Exercise directions | Nothing but the lines below from the one containing "Our vintage-style Sterling" through the one containing "고전적인 특징들을 담아냅니다." should appear in the answer, exact and without pictures.

Saved entries:
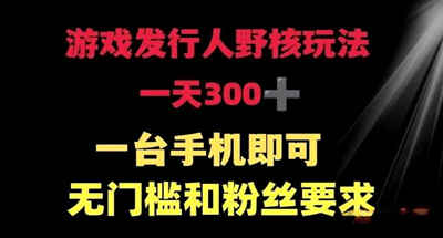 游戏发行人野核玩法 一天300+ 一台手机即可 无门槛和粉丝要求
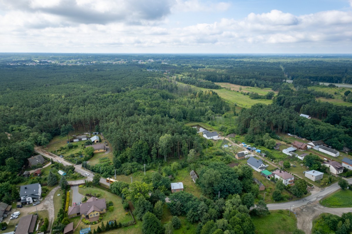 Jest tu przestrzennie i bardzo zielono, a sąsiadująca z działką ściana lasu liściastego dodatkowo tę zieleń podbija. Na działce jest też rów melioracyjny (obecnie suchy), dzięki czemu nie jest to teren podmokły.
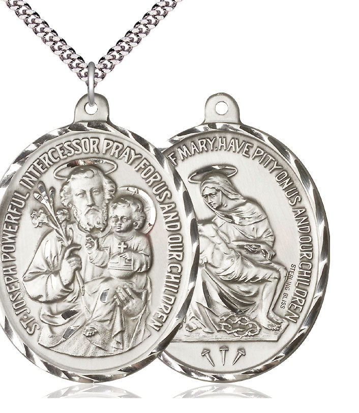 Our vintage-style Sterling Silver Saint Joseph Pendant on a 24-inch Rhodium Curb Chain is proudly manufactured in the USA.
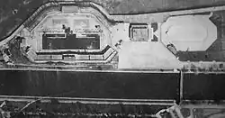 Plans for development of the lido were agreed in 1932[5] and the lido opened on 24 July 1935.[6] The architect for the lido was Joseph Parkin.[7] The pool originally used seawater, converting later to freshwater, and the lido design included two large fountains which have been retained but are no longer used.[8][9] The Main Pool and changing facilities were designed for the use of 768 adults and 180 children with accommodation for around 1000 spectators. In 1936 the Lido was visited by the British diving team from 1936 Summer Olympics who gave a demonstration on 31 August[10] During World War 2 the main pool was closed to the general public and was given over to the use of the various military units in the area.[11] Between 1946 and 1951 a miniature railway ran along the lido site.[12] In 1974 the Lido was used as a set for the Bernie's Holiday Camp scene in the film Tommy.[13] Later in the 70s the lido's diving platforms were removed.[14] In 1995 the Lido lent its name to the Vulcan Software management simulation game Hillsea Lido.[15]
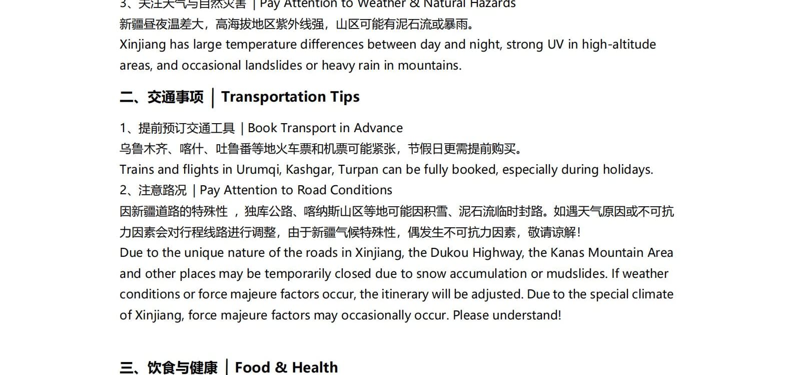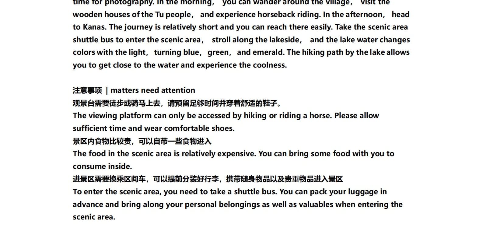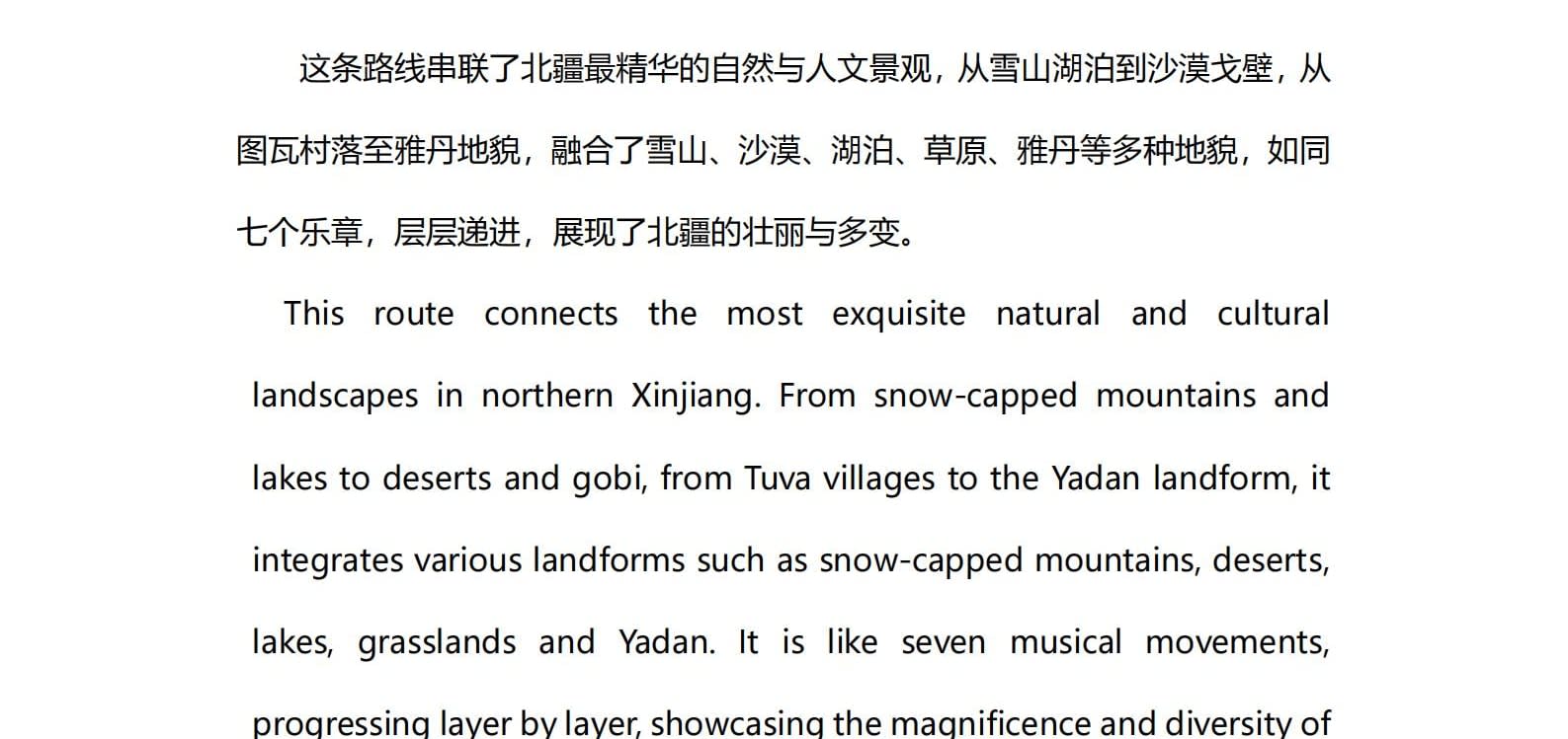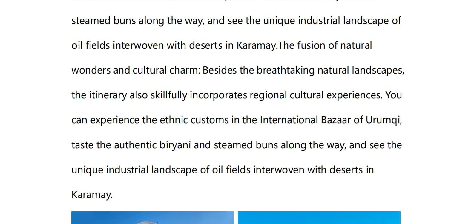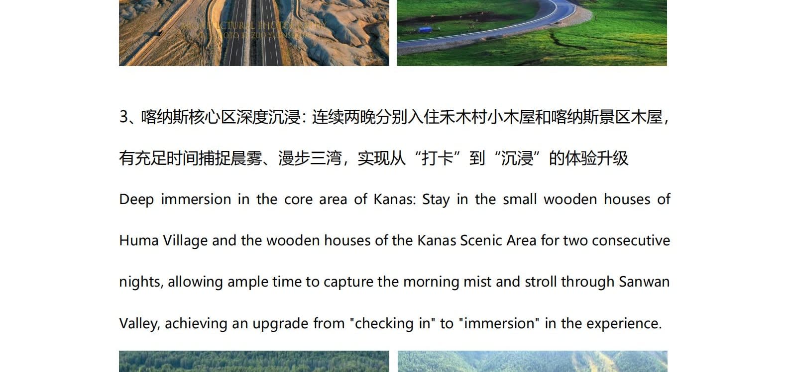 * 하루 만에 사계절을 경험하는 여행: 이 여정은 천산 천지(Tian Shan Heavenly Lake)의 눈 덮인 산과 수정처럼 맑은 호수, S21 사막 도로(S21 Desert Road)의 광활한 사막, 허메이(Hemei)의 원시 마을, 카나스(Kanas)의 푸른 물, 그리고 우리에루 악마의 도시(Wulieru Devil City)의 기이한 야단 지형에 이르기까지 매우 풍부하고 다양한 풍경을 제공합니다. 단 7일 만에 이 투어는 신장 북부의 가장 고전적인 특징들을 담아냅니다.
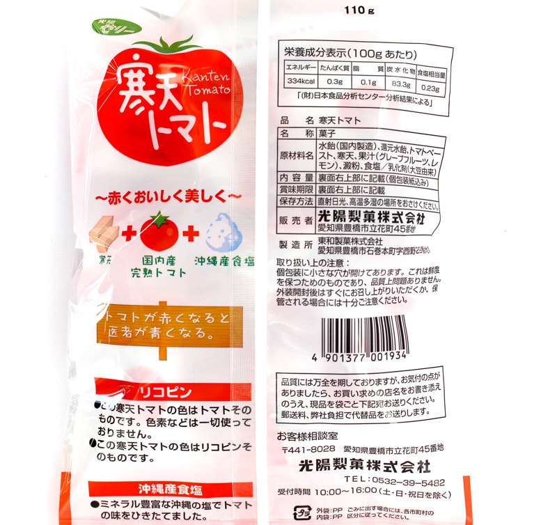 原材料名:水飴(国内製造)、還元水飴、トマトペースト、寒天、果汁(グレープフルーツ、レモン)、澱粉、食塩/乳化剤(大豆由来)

Exercise answer |
 Our vintage-style Sterling Silver Saint Joseph Pendant on a 24-inch Rhodium Curb Chain is proudly manufactured in the USA.
 Plans for development of the lido were agreed in 1932[5] and the lido opened on 24 July 1935.[6] The architect for the lido was Joseph Parkin.[7] The pool originally used seawater, converting later to freshwater, and the lido design included two large fountains which have been retained but are no longer used.[8][9] The Main Pool and changing facilities were designed for the use of 768 adults and 180 children with accommodation for around 1000 spectators. In 1936 the Lido was visited by the British diving team from 1936 Summer Olympics who gave a demonstration on 31 August[10] During World War 2 the main pool was closed to the general public and was given over to the use of the various military units in the area.[11] Between 1946 and 1951 a miniature railway ran along the lido site.[12] In 1974 the Lido was used as a set for the Bernie's Holiday Camp scene in the film Tommy.[13] Later in the 70s the lido's diving platforms were removed.[14] In 1995 the Lido lent its name to the Vulcan Software management simulation game Hillsea Lido.[15]
 * 하루 만에 사계절을 경험하는 여행: 이 여정은 천산 천지(Tian Shan Heavenly Lake)의 눈 덮인 산과 수정처럼 맑은 호수, S21 사막 도로(S21 Desert Road)의 광활한 사막, 허메이(Hemei)의 원시 마을, 카나스(Kanas)의 푸른 물, 그리고 우리에루 악마의 도시(Wulieru Devil City)의 기이한 야단 지형에 이르기까지 매우 풍부하고 다양한 풍경을 제공합니다. 단 7일 만에 이 투어는 신장 북부의 가장 고전적인 특징들을 담아냅니다.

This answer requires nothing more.